Current-Users archive
[Date Prev][Date Next][Thread Prev][Thread Next][Date Index][Thread Index][Old Index]
iscsi-target core dumps
Hi,
I've been having some problems with iscsi-target on -current recently.
This is an old dual PIII/500Mhz system with 512 MB memory which I
could not make better use than as a iSCSI target; it has been doing
this for quite some time, I guess since some 4.99.50 or similar,
without any problems. Recently I installed a poor-man's gigabit
network in my test lab using:
re0 at pci0 dev 18 function 0: US Robotics (3Com) USR997902 Gigabit
Ethernet (rev. 0x10)
re0: interrupting at ioapic0 pin 18
re0: Ethernet address 00:14:c1:4c:3a:f4
re0: using 256 tx descriptors
rgephy0 at re0 phy 7: RTL8169S/8110S/8211 1000BASE-T media interface, rev. 0
Was it that the version installed at the time did not recognize the
card, or I just wanted to see how is -current with iSCSI target, I
don't remember; anyway, I switched to 5.99.XX, at present 5.99.21. My
targets file is as follows:
# extent file or device start length
extent0 /dev/wd0d 0 78533MB
extent1 /dev/wd1d 0 78533MB
extent2 /dev/sd1d 0 8676MB
# target flags storage netmask
target0=wd0 rw extent0 0.0.0.0/0
target1=wd1 rw extent1 0.0.0.0/0
target2=sd1 rw extent2 0.0.0.0/0
so it is exposing only three physical disk drives. The initiator is
Windows 2008 R2 server.
I am getting regular core dumps like the following:
This GDB was configured as "i386--netbsdelf"...(no debugging symbols found)

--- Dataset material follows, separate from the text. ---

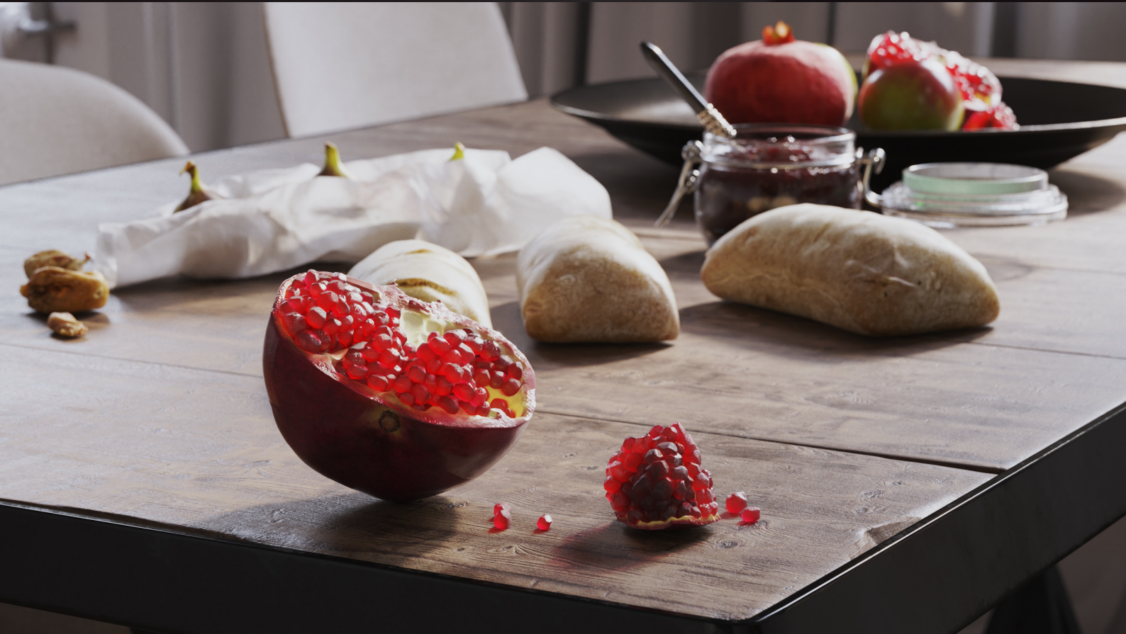
scene 01 cam 04

Have you ever wanted to make professional interior renderings? Do you know how to use V-RaySun, V-RaySky and V-RayPhysicalCamera? Have you ever had problems with composition? Archinteriors will end all your problems. Take a look at this 5 fully textured scenes with professional shaders and lighting ready to render. Get your own portfolio and join cg market.

Reading symbols from /usr/lib/libiscsi.so.2...(no debugging symbols
found)...done.
Loaded symbols for /usr/lib/libiscsi.so.2
Reading symbols from /usr/lib/libpthread.so.1...(no debugging symbols
found)...done.
Loaded symbols for /usr/lib/libpthread.so.1
Reading symbols from /usr/lib/libc.so.12...
(no debugging symbols found)...done.
Loaded symbols for /usr/lib/libc.so.12
Reading symbols from /usr/libexec/ld.elf_so...(no debugging symbols
found)...done.
Loaded symbols for /usr/libexec/ld.elf_so
Core was generated by `iscsi-target'.
Program terminated with signal 11, Segmentation fault.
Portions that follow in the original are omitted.